For the Chinese cohort (Fig. 4b), we noticed that the abundant species profile differs from that of the American cohort, possibly reflecting a population-specific (which is mostly due to country variation) gut microbiota. It is again evident from this that Bacteroides species have most of the vitamin biosynthesis pathways covered except for cobalamin due to differences at the species level. Besides, in the Chinese population, there are many species from Firmicutes amongst the abundant ones, which suggest that based on the Bacteroidetes/Firmicutes ratio there may be a change in abundance of vitamin related genes.
Expression level of vitamin biosynthetic enzymes and vitamin-dependent enzymes in an IBD cohort
Based on the availability of metatranscriptomics dataset from the American cohort analyzed above, we sought to investigate the mRNA sequences of microbe-mediated vitamin related enzyme as computed by HUMAnN2 [26]. Functional profiling of mRNA normalized features (i.e., vitamin biosynthesis) in this cohort reveals that there is a low abundance of cobalamin and thiamine biosynthesis related enzymatic genes expressed in the IBD samples compared to healthy controls (Mann–Whitney test, p < 0.01) (Fig. 5a). These findings were consistent with a similar pattern observed in a previous study where B-vitamins were measured to be lower in plasma samples of IBD subjects [27,28,29].
However, the expression level of biotin biosynthetic enzymes was found to be significantly higher in the IBD subjects compared to healthy controls (Mann–Whitney test, p < 0.01). To examine this, we inspected whether the abundance of biotin synthesizers were significantly abundant or not in the IBD subjects than that of the healthy controls (especially, for the coordinated set of samples where the metagenomics and metatranscriptomics were carried out). Interestingly, we found that species with only biosynthetic pathways for biotin were significantly more abundant in the IBD subjects whereas species with biotin transporters were significantly less abundant in the IBD subjects compared to healthy controls (Additional file 6: Figure S5).

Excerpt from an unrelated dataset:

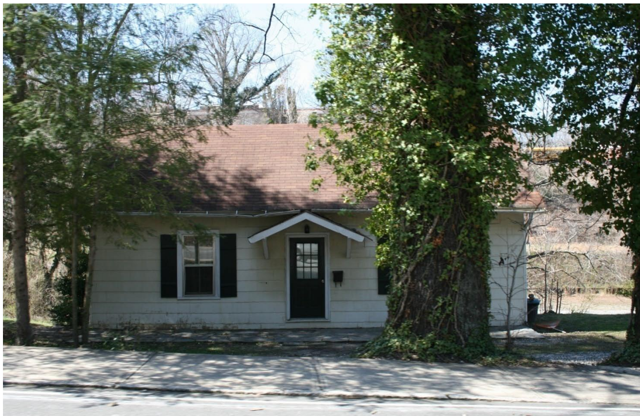
PL 92 – Wilson House, N. Trade Street

These observations once again highlight the significance of the microbial contribution to human health status. Furthermore, we analyzed the expression level of these vitamin-dependent enzymes to discern the connection between their synthesis and usage. We found that the abundance of biotin-dependent enzymes had an inreverse pattern to that of their biosynthesis level, whereas, thiamine utilization potential as well as its biosynthetic potential were less abundant in IBD subjects when compared to the healthy controls (Fig. 5b) (Mann–Whitney test, p < 0.01). Variation in vitamin synthesis and utilization level among these three vitamins is likely to reflect the complexity of the gut microbiota towards resource allocation and reuse of enzymes.